What Is a Grid Cell?

Andrew Kirmayer

Located in the hippocampus and other areas of the brain associated with memory and spatial awareness, the grid cell generates electrical activity that represents an organism’s environment. It is one of three types of neurons that map the environment from within the brain. Discovered in mice brains in 2005, grid cells create triangle-shaped grids that are thought to represent physical locations. They were detected in human brains in 2010 using equipment to detect neurological electrical response in relation to the spatial grids of terrain, and objects in a virtual reality environment.

Grid cells are located in the hippocampus and the other areas of the brain that are associated with memory and spatial awareness.
Grid cells are located in the hippocampus and the other areas of the brain that are associated with memory and spatial awareness.

Grid cells allow the brain to map the location of objects and features in the physical environment as well as remember where things are. The geometric patterns that represent the electrical activity in the cells can be plotted by imaging devices and computers. While they tend to be arranged in triangles, the effect is a latitude and longitude line like analysis of information that is created in the brain. Grid cell activity is complemented by the function of place cells, which is to fire accordingly when a person or animal stays in a certain position, and head cells which sense direction. The brain can process information and remember landmarks even in an unfamiliar environment.

The function of the grid cell is affected by Alzheimer’s disease because it is located in regions of the brain where the disease begins. Alzheimer’s patients often experience disorientation and difficulty recalling spatial details early on, and a disruption in the mapping ability of grid cells may be the reason. These neurons provide a perception of the environment as well as memories. Without the map produced by grid cell activity to serve as a guide, the brain is unable to process information sufficiently for spatial awareness.

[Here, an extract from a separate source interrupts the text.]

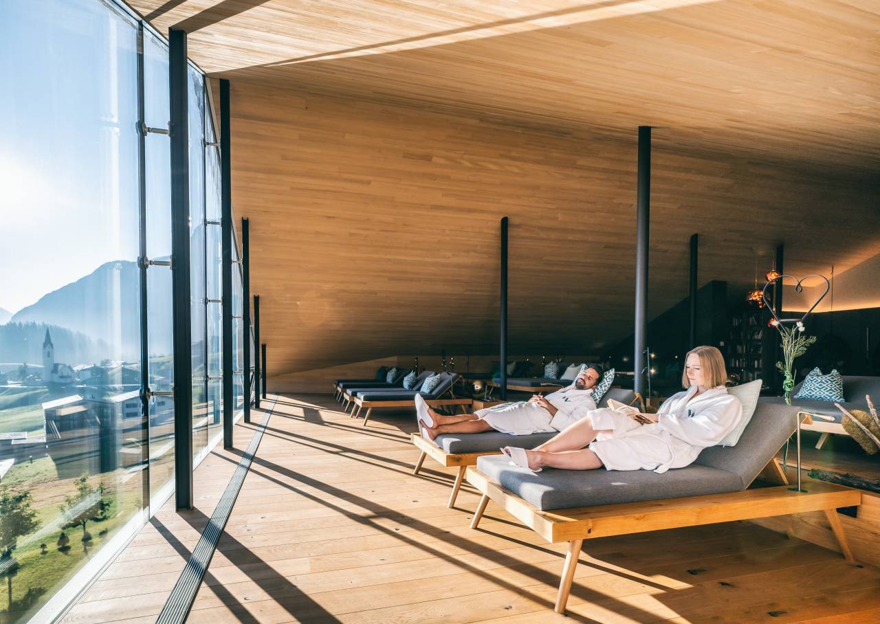 Please your senses with a view of the 2,599 m high summit of the large Biberkopf mountain. Look into the sky above the Arlberg while you take in the fragrance of freedom and relaxation. - Panorama relaxation room Relax with a view. Inner tranquility with a breathtaking view. You will find a small library here.

Data gathered by mapping the location of grid cells and associated activity is also beneficial for neurosurgeons. By imaging the brain’s electrical activity and analyzing electrical signals, they can measure what areas are affected by diseases such as Alzheimer’s or epilepsy, and use the information as a guide while operating. The electrical activity of a grid cell is symmetrical about a circle, with the triangular segmentation occurring in six distinct regions. Faster motion and changes in the environment cause the cells to fire more frequently; changes in direction and speed are immediately detected so the brain can reformulate an internal picture of the environment.